Naja, n Alu Rahmen isses ja schon oder? der wigt doch bestimmt ned über 3kg!


----------



## gonzo_trial (23. Februar 2003)

der wiegt in keinem fall mehr als 2,2kg egal ob stahl oder alu is ja immerhin nen XC Rahmen!


----------



## Kohlwheelz (21. Juni 2003)

So, muss nochma das Thema hier aufwärmen, bin vielleicht am Überlegen mir nen Pitbull zu holen, weil Gewischt is mir schnuppe! Mein Devil wigt auch nich 1,8 sondern 2,2! Das Kilo mehr, mach ich halt mal Sport und mach n Kilo weg  Meine Frage nun, Wie Lang sind die Kettenstreben und wie ist der Lenkwinkel, Oberrohrlänge? Hier http://unrealcycles.com/items/plx-pitbull.htm steht das alles in Zoll aber kein Plan wie viel das genau is! 

Danke schonma Leudde!


----------



## [YoSHi] (22. Juni 2003)

1 zoll = 2,54 cm

oder einfach mal googlen gibt 1000e umrechner


----------



## Kohlwheelz (22. Juni 2003)

Naja, bin halt n fauler  Aber Danke.


----------



## billi (22. Juni 2003)

ehm da steht das der rahmen 7 pfund wiegt , des sind etas weniger als 3,5 kilo 
und wenn die das schreiben wird das schon so ungefair hinhauen und da giebts dann net ne abweichung von einem kilo , das glaub ich nun wirklich nicht 
aber kauf ihn dir mal , will mal wissen wie der is


----------



## MTB-News.de




----------



## Kohlwheelz (22. Juni 2003)

zu befehl


----------



## Nforcer (29. Juni 2004)

Hat ihn inzwischen jemand?!


----------



## Bexder (29. Juni 2004)

hier ich fahr den aber eher zum dirten

stahl 3,2kg aber saugeil das ding


----------



## Nforcer (30. Juni 2004)

Bexder schrieb:
			
		

> hier ich fahr den aber eher zum dirten
> 
> stahl 3,2kg aber saugeil das ding



geil, wie ist das mit dem gewicht, macht sich das bemerkbar.
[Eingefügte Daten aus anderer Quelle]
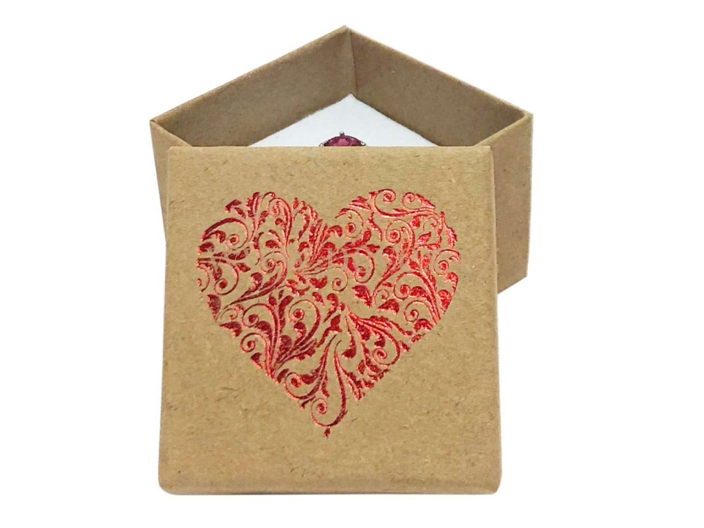 Papírová krabička z přírodního papíru s potiskem srdce. Molitanová vložka s průseky na prsten nebo náušnice.

Und wie ist das mit der Größe wie groß bist du? Weil ich hab son bissel schiss mit meinen 1,93. Ich will ja schließlich auch noch von Spot zu Spot kommen


----------



## Bexder (30. Juni 2004)

die schlurre wiegt insgesamt jetzt mit hayes und DJ2/04 18,2kg macht sich darin bemerkbar das dass gute stück dich automatisch wieder auf den boden zurückholt   nee ma im ernst s geht ich bin eh nich so der leichtbaufetischist also mir gefällts so wies is handeln lässt es sich super
ich bin 1.74m groß ansonsten sattelstütze raus bis maximum dann kannste auch damit von spot zu spot cruisen


----------



## Deleted3300 (16. August 2004)

HI!

Hab den auch bestellt. Sag ma Wie viel Federweg hat die Gabel? 100mm? Ist des vom Lenkwinkel noch ok? Will den mit ner Z1 fahren, mit 100mm, für Street und ach alles zum reinlassen :=)

gruß,
reno


----------



## MTB-News.de




----------



## Bexder (16. August 2004)

ich hab gerade 100 hatte schon 110120130 drinn geht alles


----------



## Deleted3300 (17. August 2004)

Hey!

Mhhh hört sich ja gut an ... Nur so als Idee: Ist der für Doppelbrücken freigegeben? Macht zwar keinen Sinn, aber interessieren würde es mich trotzdem!

gruß,
reno


----------



## Kohlwheelz (17. August 2004)

Boah Leute, geht in euer Komisches DUal oder Dirt oder was weiss ich für n Forum und labert über den Scheiss. Der Pitbull is n Trial Rahmen auch wenn keine guter


----------



## Bexder (18. August 2004)

Kohlwheelz schrieb:
			
		

> Boah Leute, geht in euer Komisches DUal oder Dirt oder was weiss ich für n Forum und labert über den Scheiss. Der Pitbull is n Trial Rahmen auch wenn keine guter



hier ma n originalauszug aus dem original FAQ von Planet-X

Q:   What is the pitbull frame actually used for Urban, 4X, trials?


A: The pitbull is a bike for riding about and having fun on. Not a competition frame, unless you're in a dirt jump or urban competition I suppose 

Our French riders use them as a hardcore dirt jump, street and urban frame. 

 

gruß


----------



## Deleted3300 (18. August 2004)

Oh man...net gleich schlagen, ja?

Ich denke net dass in dem Forum einer so nen Frame fährt. Ich denke dass der auch zum Street-fahren gut ist. Ich meine der Ellsworth Specialist (jaja kann man net vergleichen, die Geo denke ich schon) war ja auch ursprünglich als Trial- Frame konzipiert....

gruß,
reno


----------



## Bwana (9. September 2004)

und wo kann man das ding jetzt kaufen?
hat vielleicht jemand email oder sonstwas, wo ich das bestellen kann?
mfg


----------



## Blinky (29. September 2004)

legga!


----------



## crossie (29. September 2004)

bestellen kann man den bei daredevil-cycles in bonn, die machen "vertrieb" für planet X und on-one.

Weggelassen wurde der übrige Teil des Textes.